La signification est la même qu’à la tour de Beyazit : le drapeau marque la victoire de l’État sur un quartier en révolte, un quartier qui s’était – aux yeux de l’État, aux yeux des acteurs ? – érigé en « territoire libéré ». Plus que la victoire des policiers (ici aussi, un événement sans gloire sans doute mais illustré dans Milliyet par l’arrestation sans ménagement d’une jeune femme), le drapeau marque une reconquête, le retour du quartier de Gaziosmanpasa dans le giron de la république.

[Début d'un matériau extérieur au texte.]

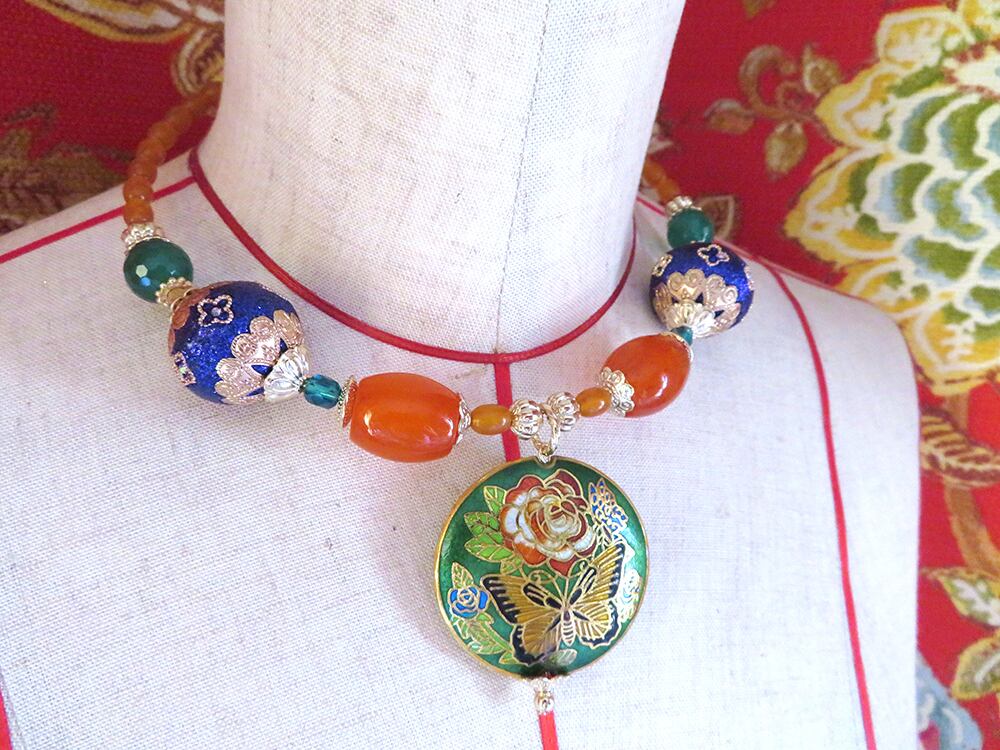 大きな蝶々の七宝ビーズは元々穴が中心からズレていますのでご了承ください。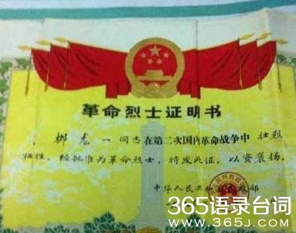 柳艳兵家里有一份《革命烈士证明》,证明上写到:柳龙一,1911年出生,1930年参加革命,生前属彭德怀部战士。1931年,第二次国内革命战争中,柳龙一在江西省袁州区慈化镇壮烈牺牲。1983年,他被国家授予“革命烈士”称号。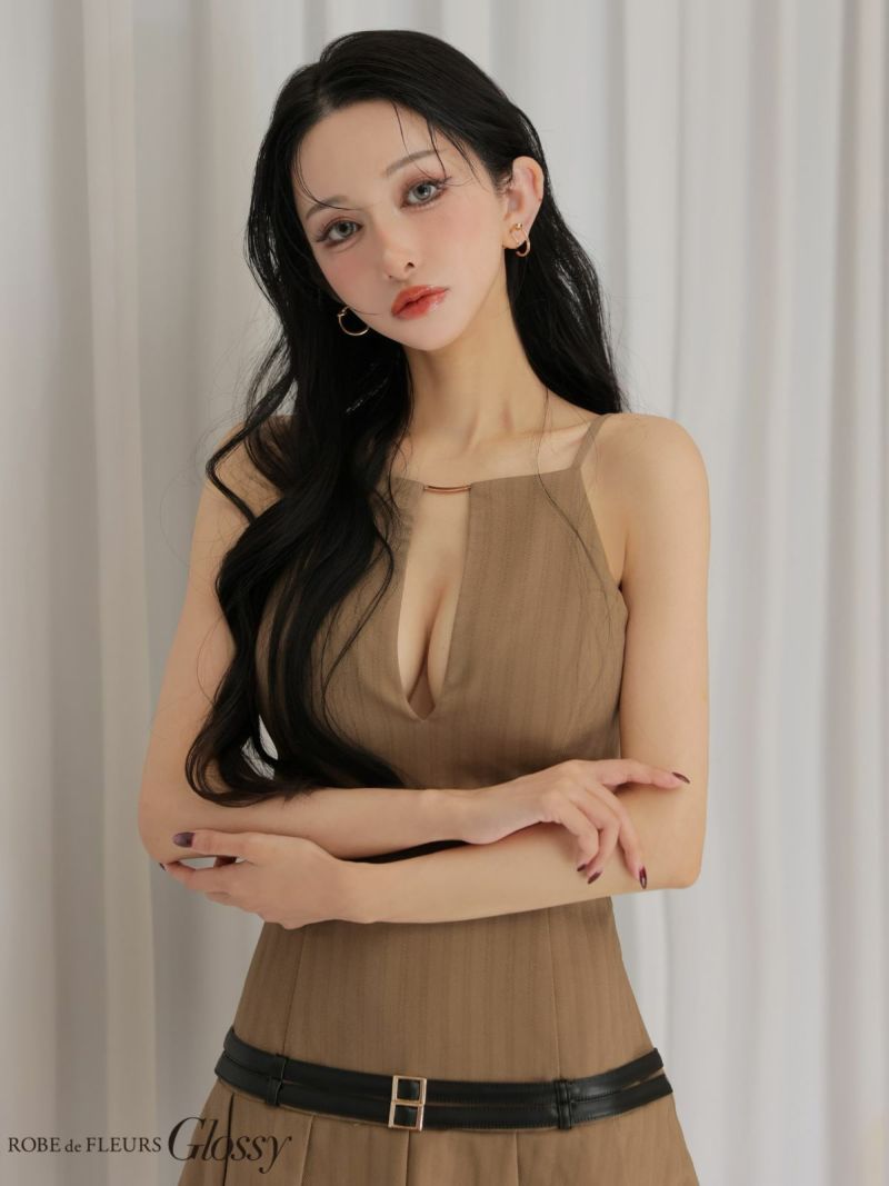 大胆なバックスタイルで視線独占♡ [ROBEdeFLEURSGlossy/ローブドフルールグロッシー] 高級 ブランド Aラインミニドレス 谷間 ホルターネック 背中魅せ ウエストベルト レザー バストカット プリーツ ヘリンボーン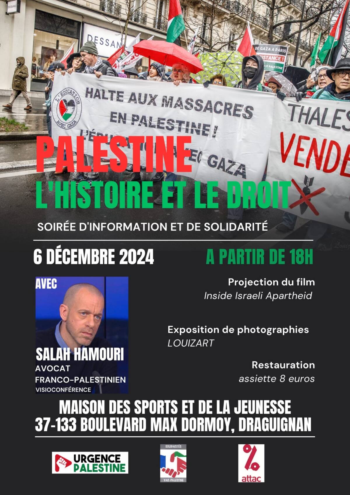 Soirée d’information et de soutien à la Palestine et au Liban vendredi 6 décembre 2024 à Draguignan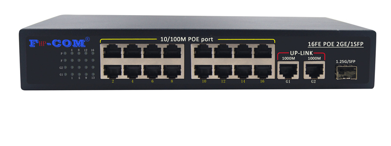 16個百兆PoE供電端口,兩個千兆上聯端口,一個千兆上聯光口,內置電源(AC100-265V輸入),PoE輸出總功率為200W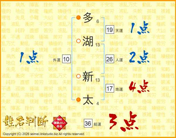多湖新太さんの人運は26画の2点!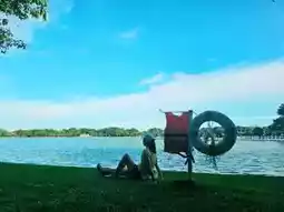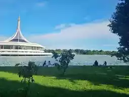 The day we visited, the weather was pleasant and cool. We decided to leave early to avoid parking issues and avoid the crowds. If you're driving, there's a 10 baht entrance fee and a 10 baht car fee. Personally, I arrived around 4:00 PM. The weather was perfect, with some mild sunshine. Those who don't like the sun can arrive around 5:00 PM, but it gets crowded. On weekends, you'll find plenty of walking and jogging companions. There's also a health park with exercise equipment, practically an outdoor gym. 😅✌️ I've observed families bringing their children for a stroll, picnics, and couples lounging by the pond, taking photos, and pedaling paddle boats. It's so romantic, and the cool breeze makes you forget you're running. 😂🏃♀️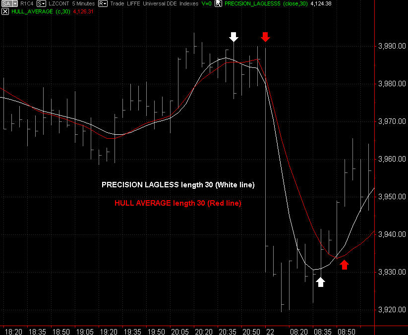 The diagram below shows the immense speed difference on a 30 period PLA and 30 period Hull average. The PLA was four bars ahead of the Hull average on both major turning points indicated on the 5 minute chart of the FT-SE100 Future ( Which is a 14%+ difference in Lag).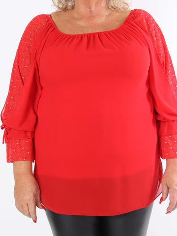 Ninell - Plus size chiffontunika med flotte ærmer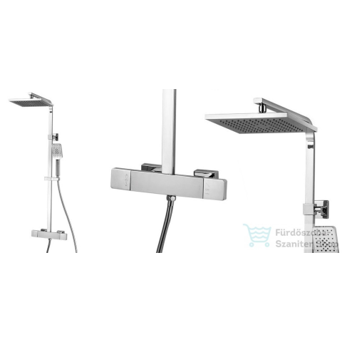 Wellis Cascade zuhanyoszlop Termék jellemzők: Termosztátos zuhanycsaptelep Méret: 311 x 505 x 905-1350 mm Rozsdamentes acél zuhanyoszlop-test Állítható trópusi zuhany Állítható magasságú kézitus Beépített termosztátos keverőszelep Beépített váltószelep

Dans les deux cas, le corollaire est le suivant : les vaincus (les manifestants, l’extrême gauche, et plus largement ceux que les manifestants soutiennent : les prisonniers politiques symbolisant eux-mêmes toute la gauche non parlementaire, les mouvements alévis et kurdes…), les vaincus sont considérés comme se mettant en dehors du territoire de la république, en dehors de la communauté nationale. La pose du drapeau signifie a posteriori qu’ils s’étaient mis en situation de sécessionnistes ayant extrait une parcelle de territoire de celui de la république. La mise en image de ce genre de scène, et la diffusion de telles images, souvent en première page des journaux, renforce la signification de l'acte. Ce processus est à comparer avec l’attitude inverse, qui consiste pour des groupes d’opposants (islamistes en particulier, au cours des années suivantes) à arborer le drapeau national, voire à s’en revêtir, pour signifier la légitimité de la revendication et l’appartenance d’un mouvement d’opposition à la communauté nationale. La première occurrence importante de ce phénomène étant, il me semble, la grande manifestation islamiste du 11 mai 1996 place de Sultanahmet à Istanbul.